The Major and Minor Hawaiian Gods

Hawaiian religion encompasses a vast pantheon of gods, mythology, and religious practices.

It is protected under law and has been practiced on the islands for hundreds of years, ever since these beliefs were imported to Hawaii by early Polynesian settlers.

What Religion were the Ancient Hawaiians?

Native Hawaiian religion is animistic and polytheist, as are many native Polynesian religions.

The word "polytheist" comes from the Greek meaning "many" and "Gods", and the first part, "Πολύ", is the same as in "Polynesia", which means "Many Islands".

There are four main gods and a number of "lesser" demigods, not unlike the ancient Greeks and Romans.

And just like those ancient European deities, everyone is connected via a vast and detailed mythology.

The Major Hawaiian Gods

There are four main Hawaiian deities:

Kane: The highest of the four major gods, Kane is the god of forests, trees, and wild foods.

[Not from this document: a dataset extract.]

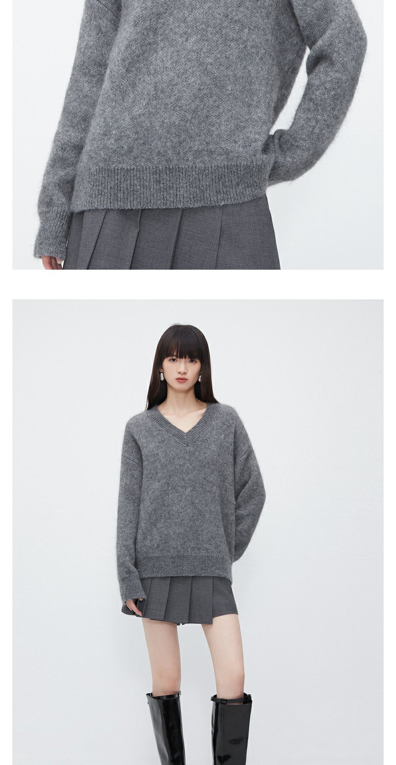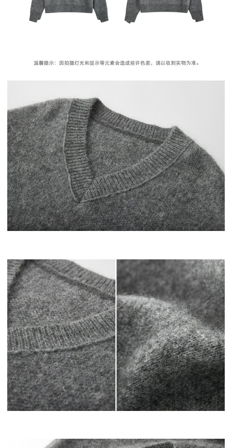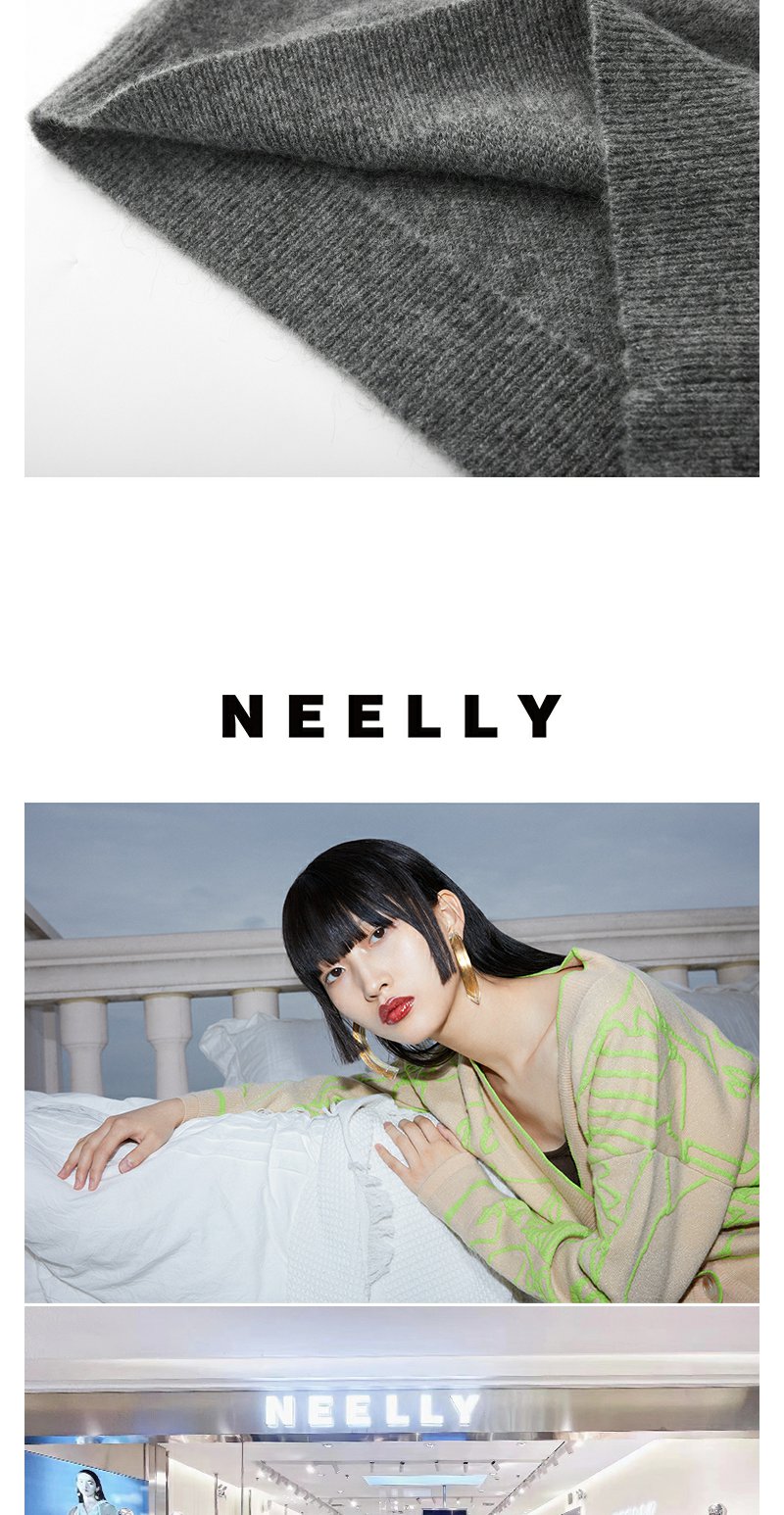NEELLY纳俪商场同款灰色V领套头毛衣女高级感慵懒洋气百搭针织衫N23121A01208

He is the creator and the god of procreation.

Ku: The god of war, and one of the few gods under which human sacrifice may have been practiced.

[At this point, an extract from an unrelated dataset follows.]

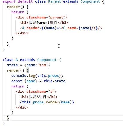 也可以写作:<A render = {()=><B/>}/> 也是表示AB的父子关系

Lono: The god of peace, fertility, and agriculture. It is believed that some Hawaiians may have mistaken the explorer James Cook for Lono.

If so, this could have contributed to his eventual death at the hands of the islanders. The Makahiki festival is held in Loni's honor.

Kanaloa: A god often represented as being complementary to Kane, like the Yin and Yang of Taoism. Kanaloa is the ruler of Mana, the lifeforce of the universe.

The Lesser Gods

In addition to the major gods outlined above, the Hawaiian people also recognized (and in many cases, continue to recognize) many lesser gods, including:

Pele: The goddess of volcanoes and fire and a very important deity for the people of Hawaii.

She is said to have been the creator of the Hawaiian islands and is referred to as "Madame Pele".

Hina:  Hina is considered to be the goddess of the moon and her name appears throughout the religions of the Pacific Islands.

Her husband is Maui, an ancient chief and warrior.

Kamapuaʻa: The chief of Oahu, known for his obsession with Goddess Pele.

Laka: The goddess of fertility and the hula, Laka is the wife of Lono, one of the major gods.

Kuula: The god of fishermen.

Kihawahine: Often represented as a giant lizard or dragon and may be missing an eye, which was lost in a fight with Haumea, the goddess of childbirth and the mother of deities such as Pele, Kapo, and Namaka.

Papa: Papahanaumoku is a force of nature and a great healer. Often known as "earth mother", she married Wakea, the "sky father".

Hawaiian Mythology FAQs

To a student of history, Hawaiian religion isn't that far removed from the mythologies created by the greatest and most influential empires in history.

But when you compare it to Christianity and Islam, it is decidedly different, and if you're just learning about this vast and complex world, you might have a few more questions.

Take a look at these quick FAQs:

What is the Kumulipoh?

The Kumulipo is a creation chant that is rooted in the religion's creation myth.

It is separated into sixteen different sections and describes the birth of the universe and all of its creatures, beginning with sea urchins and seaweed.

How Old Are These Beliefs?

Animism, the idea that people, places, creatures, and objects possess a spiritual essence, is said to be humanity's oldest religion.

It's one that you can find all over the world dating back many thousands of years.

However, we don't know exactly when it started, nor do we know when these beliefs reached Polynesia.

What we do know is that they likely landed on the Hawaiian Islands from Tahiti and other islands between 500 AD and 1300 AD.

Do All Hawaiians Believe these Things?

Hawaiians have a unique connection to their land and history.

The island is home to many different faiths, including Christians, Jews, and Buddhists, and while they follow different belief systems and traditions, many of them have some connection to the native Hawaiian belief system.

As with other cultures around the world, some aspects of this religion are followed devoutly and others have worked their way into everyday traditions, but most Hawaiians have a deep respect for their country, its history, and the mythology that frames it.

Did they Practice Cannibalism and Human Sacrifice?

There are reports that the early Hawaiians practiced human sacrifice.

These may have been exaggerated or fabricated by the Europeans, but it's certainly not uncommon for religions of this type to perform human sacrifice.

The idea that they were cannibals is rooted in the belief that they killed and ate James Cook, the first European explorer to encounter the Hawaiians.

They disemboweled and boiled his corpse so they could remove the bones.

Although morbid, it was a funerary practice typically reserved for elders and chiefs, suggesting that they still had a lot of respect for him.

His remains were given to his crew for burial at sea.